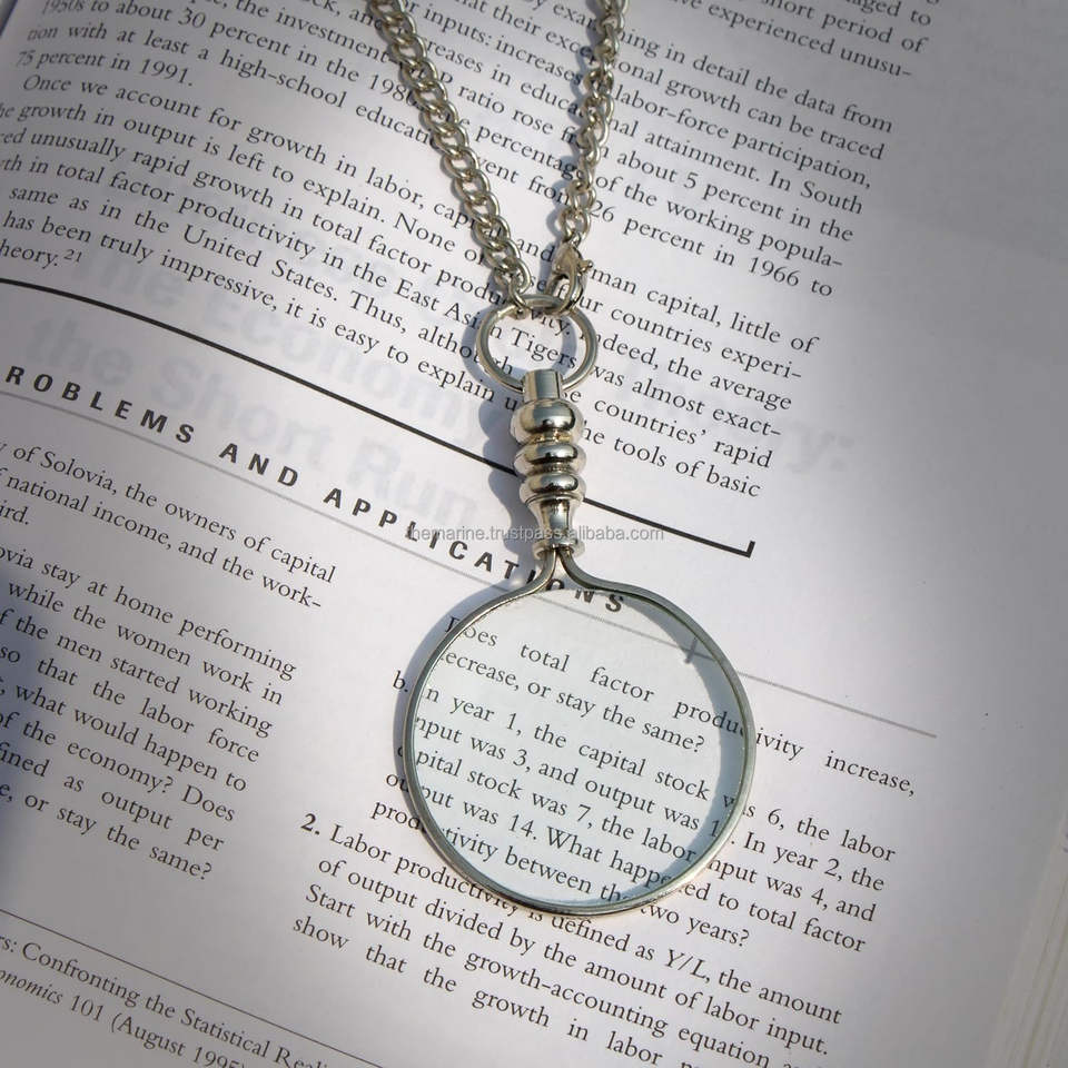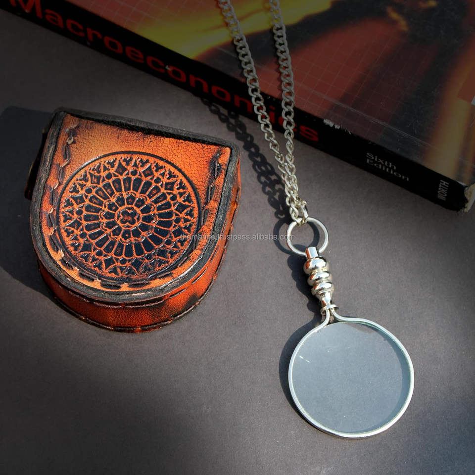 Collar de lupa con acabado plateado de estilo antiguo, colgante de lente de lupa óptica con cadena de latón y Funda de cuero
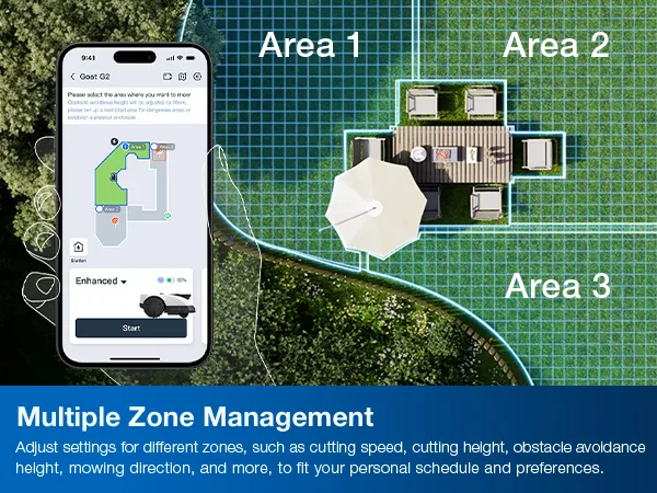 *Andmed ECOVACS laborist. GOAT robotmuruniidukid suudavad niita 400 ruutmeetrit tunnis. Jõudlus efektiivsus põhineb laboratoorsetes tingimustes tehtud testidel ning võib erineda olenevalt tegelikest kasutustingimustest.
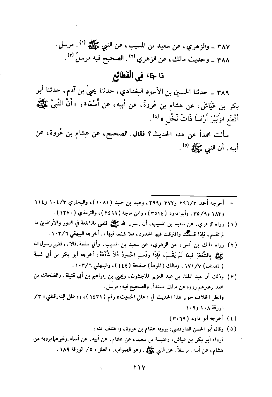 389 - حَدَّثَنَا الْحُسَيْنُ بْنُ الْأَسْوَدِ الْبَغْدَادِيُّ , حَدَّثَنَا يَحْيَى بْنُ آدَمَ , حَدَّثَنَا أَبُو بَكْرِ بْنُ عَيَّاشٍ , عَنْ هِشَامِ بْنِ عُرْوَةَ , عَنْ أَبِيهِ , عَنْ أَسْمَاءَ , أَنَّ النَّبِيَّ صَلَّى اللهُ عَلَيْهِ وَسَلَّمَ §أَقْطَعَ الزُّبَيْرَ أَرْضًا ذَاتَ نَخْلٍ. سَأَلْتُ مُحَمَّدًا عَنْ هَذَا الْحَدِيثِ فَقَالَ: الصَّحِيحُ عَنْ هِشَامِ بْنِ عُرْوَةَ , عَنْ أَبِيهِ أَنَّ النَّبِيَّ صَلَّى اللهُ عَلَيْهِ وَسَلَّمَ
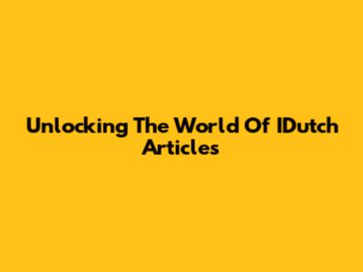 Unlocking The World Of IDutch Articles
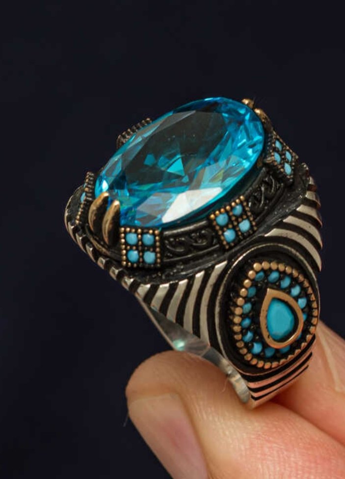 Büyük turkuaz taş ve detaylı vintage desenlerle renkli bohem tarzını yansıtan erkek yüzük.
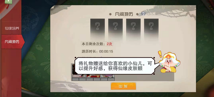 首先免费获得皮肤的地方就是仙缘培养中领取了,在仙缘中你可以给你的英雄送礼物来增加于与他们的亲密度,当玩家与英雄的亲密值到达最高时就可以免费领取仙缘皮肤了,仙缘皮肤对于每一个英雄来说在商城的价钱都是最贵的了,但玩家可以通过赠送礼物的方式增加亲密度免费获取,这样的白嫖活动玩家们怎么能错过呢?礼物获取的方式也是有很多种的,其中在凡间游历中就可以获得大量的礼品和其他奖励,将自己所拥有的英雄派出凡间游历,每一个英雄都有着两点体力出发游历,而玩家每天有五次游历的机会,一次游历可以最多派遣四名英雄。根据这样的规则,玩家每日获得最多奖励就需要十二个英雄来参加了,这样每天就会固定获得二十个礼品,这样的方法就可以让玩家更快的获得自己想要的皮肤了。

- [Task to carry out]: The result should be the listing above, restated exactly, with no pictures in it.

- [Solution to this problem]:
 Collar de lupa con acabado plateado de estilo antiguo, colgante de lente de lupa óptica con cadena de latón y Funda de cuero
 *Andmed ECOVACS laborist. GOAT robotmuruniidukid suudavad niita 400 ruutmeetrit tunnis. Jõudlus efektiivsus põhineb laboratoorsetes tingimustes tehtud testidel ning võib erineda olenevalt tegelikest kasutustingimustest.
 389 - حَدَّثَنَا الْحُسَيْنُ بْنُ الْأَسْوَدِ الْبَغْدَادِيُّ , حَدَّثَنَا يَحْيَى بْنُ آدَمَ , حَدَّثَنَا أَبُو بَكْرِ بْنُ عَيَّاشٍ , عَنْ هِشَامِ بْنِ عُرْوَةَ , عَنْ أَبِيهِ , عَنْ أَسْمَاءَ , أَنَّ النَّبِيَّ صَلَّى اللهُ عَلَيْهِ وَسَلَّمَ §أَقْطَعَ الزُّبَيْرَ أَرْضًا ذَاتَ نَخْلٍ. سَأَلْتُ مُحَمَّدًا عَنْ هَذَا الْحَدِيثِ فَقَالَ: الصَّحِيحُ عَنْ هِشَامِ بْنِ عُرْوَةَ , عَنْ أَبِيهِ أَنَّ النَّبِيَّ صَلَّى اللهُ عَلَيْهِ وَسَلَّمَ
 Unlocking The World Of IDutch Articles
 Büyük turkuaz taş ve detaylı vintage desenlerle renkli bohem tarzını yansıtan erkek yüzük.
 首先免费获得皮肤的地方就是仙缘培养中领取了,在仙缘中你可以给你的英雄送礼物来增加于与他们的亲密度,当玩家与英雄的亲密值到达最高时就可以免费领取仙缘皮肤了,仙缘皮肤对于每一个英雄来说在商城的价钱都是最贵的了,但玩家可以通过赠送礼物的方式增加亲密度免费获取,这样的白嫖活动玩家们怎么能错过呢?礼物获取的方式也是有很多种的,其中在凡间游历中就可以获得大量的礼品和其他奖励,将自己所拥有的英雄派出凡间游历,每一个英雄都有着两点体力出发游历,而玩家每天有五次游历的机会,一次游历可以最多派遣四名英雄。根据这样的规则,玩家每日获得最多奖励就需要十二个英雄来参加了,这样每天就会固定获得二十个礼品,这样的方法就可以让玩家更快的获得自己想要的皮肤了。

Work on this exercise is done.